Orion

Commissioned by the Cleveland Orchestra.

Work notes Dedicated to Franz Welser-Möst and the Cleveland Orchestra
Publisher Chester Music Ltd
Category Orchestra
Sub Category Large Orchestra
Year Composed  2002
Duration 22 Minutes
Orchestration 4(afl,pic:pic)4(ca)44(cbn)/6431/2timp.4perc/2hp.pf.org/str
Availability Hire
Scores on Subscription

Programme Note
Orion (2002)

Images of the Night, dreams, myths, and distant mysteries have always loomed large in Kaija Saariaho’s work. The Finnish composer’s extensive catalogue contains evocative titles like From the Grammar of Dreams, Wing of the Dream, Caliban’s Dream, For the Moon, Graal Theatre, The Castle of the Soul, and, most recently, her opera performed with resounding success at Santa Fe this past summer, L’Amour de Loin (‘Love from Afar’). Orion, the mysterious and adventurous hunter of Greek mythology, was the mortal son of Neptune (Poseidon), the god of seas. After his death, Orion was placed by Zeus in the sky as a radiant constellation. He is, thus, at once an active (even hyper-active) human being and an immobile heavenly object, and Saariaho has fully exploited that contrast in the present work in three movements – her largest purely symphonic composition to date.

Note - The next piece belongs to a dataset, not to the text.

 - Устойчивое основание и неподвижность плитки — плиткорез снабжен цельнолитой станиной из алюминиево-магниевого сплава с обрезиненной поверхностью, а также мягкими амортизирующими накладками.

Orion begins its musical journey in a kind of amorphous ‘interstellar space’. The first movement, titled ‘Memento mori’ (‘Remember that you must die’), evolves from a mysterious introduction towards a powerful orchestral outburst marked by the entrance of the organ. This moment also brings an expansive string melody and an insistent – one would like to say inexorable – rhythmic idea in equal eighth-notes, played fortissimo by the woodwinds. The music then becomes more animated, with a new, exited figure all in rapid sixteenth-notes gradually taking hold of almost the entire orchestra, repeated furioso and con violenza until it is abruptly cut off.

The second movement, ‘Winter Sky’, opens with a haunting piccolo solo, continued by solo violin, clarinet, oboe, and muted trumpet. As the orchestral soloists pass the melody around, the other instruments provide a colourful and atmospheric accompaniment. The orchestral texture later fills out with multi-layered polyphony, yet the movement remains calm and contemplative. For the ending, the already slow tempo becomes even slower as the piano emerges from the background with a ‘sky-high’ melody repeating a few notes in changing permutations, over expressive string glissandos and the sound of chimes, bowed vibraphone, and crotales.

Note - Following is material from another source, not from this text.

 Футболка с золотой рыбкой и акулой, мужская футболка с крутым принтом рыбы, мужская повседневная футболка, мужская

We come back to earth with the energetic final movement, titled ‘Hunter’. It is a study in perpetual motion – or almost, since the fast motion is repeatedly interrupted by short mysterious episodes in a slow tempo. The third such interruption, more extended than the first two, momentarily recalls the second movement, before the music returns to its former dynamic and joyful self. The excitement grew grows apace, but as the tempo increases, the volume decreases. More and more instruments drop out, and by the end, Orion has once again assumed his position on the night firmament.